EXERCISE AIM: In the data below, find the line containing "COUDERC DE SAINT-CHAMANT (Henri).", then set down that line and every later line up to and including the line containing "등의 마을을 거쳐가며", exactly.

INFORMATION:
=== Begin Enclosure ===

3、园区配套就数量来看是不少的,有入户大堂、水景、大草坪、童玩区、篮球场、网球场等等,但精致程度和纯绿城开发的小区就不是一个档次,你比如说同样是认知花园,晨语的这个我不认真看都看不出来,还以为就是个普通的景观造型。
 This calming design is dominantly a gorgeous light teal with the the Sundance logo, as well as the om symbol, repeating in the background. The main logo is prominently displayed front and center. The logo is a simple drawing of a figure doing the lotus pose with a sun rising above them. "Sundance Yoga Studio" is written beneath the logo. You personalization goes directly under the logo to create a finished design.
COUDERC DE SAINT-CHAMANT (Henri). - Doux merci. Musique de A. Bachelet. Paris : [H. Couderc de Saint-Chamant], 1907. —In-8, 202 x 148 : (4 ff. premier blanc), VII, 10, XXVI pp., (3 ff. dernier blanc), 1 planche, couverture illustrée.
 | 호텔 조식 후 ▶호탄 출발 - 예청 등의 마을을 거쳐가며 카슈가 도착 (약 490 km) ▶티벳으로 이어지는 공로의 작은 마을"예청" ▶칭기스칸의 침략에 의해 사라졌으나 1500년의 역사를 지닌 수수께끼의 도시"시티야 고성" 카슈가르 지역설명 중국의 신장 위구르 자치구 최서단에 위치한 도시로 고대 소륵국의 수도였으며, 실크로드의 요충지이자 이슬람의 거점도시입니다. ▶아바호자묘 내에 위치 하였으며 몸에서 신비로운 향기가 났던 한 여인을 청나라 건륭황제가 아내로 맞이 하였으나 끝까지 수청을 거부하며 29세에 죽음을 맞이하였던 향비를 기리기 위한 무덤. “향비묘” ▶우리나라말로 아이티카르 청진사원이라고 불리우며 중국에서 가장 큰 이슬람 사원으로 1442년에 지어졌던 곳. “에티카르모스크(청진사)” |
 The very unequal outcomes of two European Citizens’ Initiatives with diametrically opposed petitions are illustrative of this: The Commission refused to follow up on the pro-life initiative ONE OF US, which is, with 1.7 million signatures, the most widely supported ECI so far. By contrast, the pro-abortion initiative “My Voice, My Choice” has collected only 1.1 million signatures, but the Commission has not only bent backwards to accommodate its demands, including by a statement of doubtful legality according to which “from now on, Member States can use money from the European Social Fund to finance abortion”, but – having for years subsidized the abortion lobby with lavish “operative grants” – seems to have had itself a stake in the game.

=== End Enclosure ===
=== Begin Enclosure ===

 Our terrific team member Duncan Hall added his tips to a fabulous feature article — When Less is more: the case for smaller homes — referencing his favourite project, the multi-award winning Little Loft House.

=== End Enclosure ===
=== Begin Enclosure ===

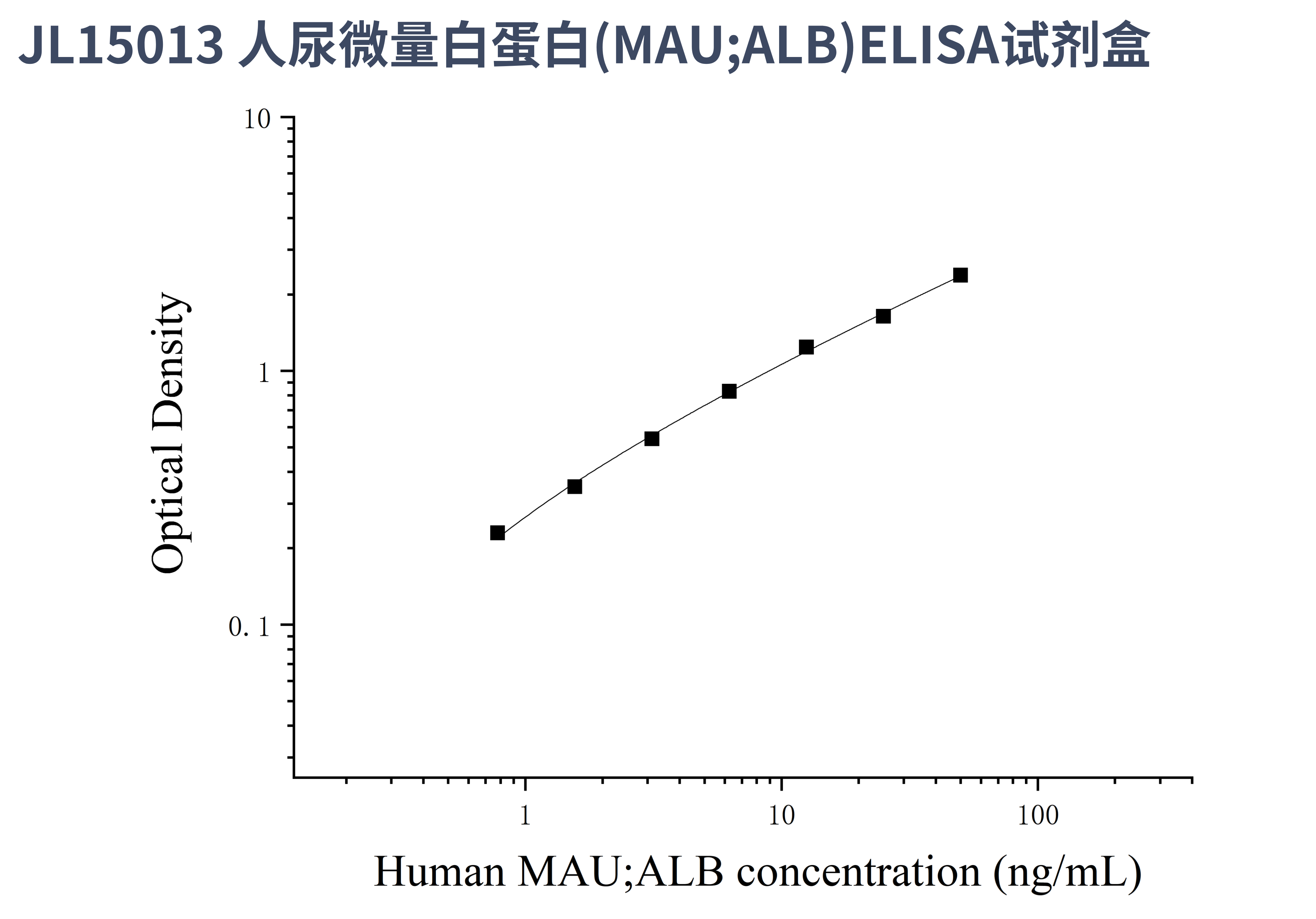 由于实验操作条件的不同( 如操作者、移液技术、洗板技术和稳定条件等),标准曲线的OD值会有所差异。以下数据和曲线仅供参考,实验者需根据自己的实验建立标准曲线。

=== End Enclosure ===

RESULT:
COUDERC DE SAINT-CHAMANT (Henri). - Doux merci. Musique de A. Bachelet. Paris : [H. Couderc de Saint-Chamant], 1907. —In-8, 202 x 148 : (4 ff. premier blanc), VII, 10, XXVI pp., (3 ff. dernier blanc), 1 planche, couverture illustrée.
 | 호텔 조식 후 ▶호탄 출발 - 예청 등의 마을을 거쳐가며 카슈가 도착 (약 490 km) ▶티벳으로 이어지는 공로의 작은 마을"예청" ▶칭기스칸의 침략에 의해 사라졌으나 1500년의 역사를 지닌 수수께끼의 도시"시티야 고성" 카슈가르 지역설명 중국의 신장 위구르 자치구 최서단에 위치한 도시로 고대 소륵국의 수도였으며, 실크로드의 요충지이자 이슬람의 거점도시입니다. ▶아바호자묘 내에 위치 하였으며 몸에서 신비로운 향기가 났던 한 여인을 청나라 건륭황제가 아내로 맞이 하였으나 끝까지 수청을 거부하며 29세에 죽음을 맞이하였던 향비를 기리기 위한 무덤. “향비묘” ▶우리나라말로 아이티카르 청진사원이라고 불리우며 중국에서 가장 큰 이슬람 사원으로 1442년에 지어졌던 곳. “에티카르모스크(청진사)” |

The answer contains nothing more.